Thoughts on being a listener in residence.
For around ten years (until 2004, which seems more recent than that!), Kelsey Grammer played Dr Frasier Crane on the show “Frasier”, as a radio psychiatrist who welcomed each radio caller with the phrase “I’m listening”.
I am endlessly curious about people and ideas, and though in conversation I can often be energetic and full of ideas myself, my main reason is to stimulate ideas and energy in others so that I can listen to them once they get going in expressing themselves. Beyond social environments though, my role is as a professional listener.
For clarity, I am no psychiatrist, I am a trained coach, from which I carry a belief that the client has the answers within them, so my role is to ask the right questions, sometimes stimulate thought by sharing related or even tangential stories from my own experience and expertise, all in service of the client and supporting them around what they are focussed on.

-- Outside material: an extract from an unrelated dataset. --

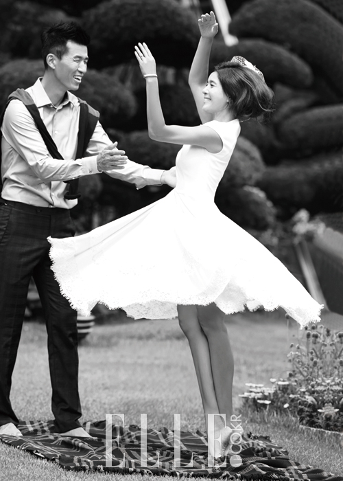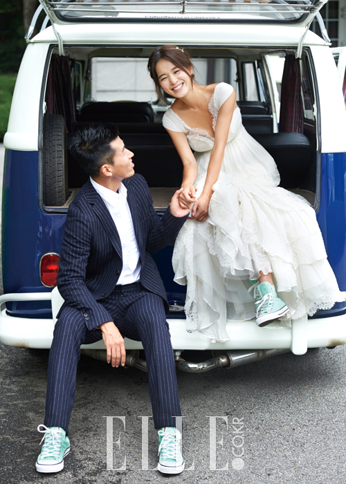 정혜영이 입은 캡 소매 드레스는 Souhait de Blanc by Atelier Aimee. 션이 입은 핀 스트라이프 수트는 Gucci. 슈즈는 모두 Converse.

Whatever I am doing or saying, though, I am always, always listening.
This thought takes me back to 2018 when I first went to the Modern Elder Academy in Mexico at the invitation of Chip Conley. I was quite organically asked to listen to almost all of the cohort to help them work something out for themselves. As the week went by, I even seemed to sit in the same chair at the same time of day, then someone would inevitably come to sit with me and talk.
More recently, I have proposed to the curator of a similarly residential retreat to offer my time to them for a week this year, not as a member of their faculty presenting to the cohort that week, but simply as a “listener in residence”. I am interested in what happens when someone is given that role without further explanation to those in attendance.
Today I am about to get on a flight home to Cayman for a week, where I’ll be working with clients based there as well as meeting up with various family, friends and business contacts. I look forward to a week with much stimulating listening!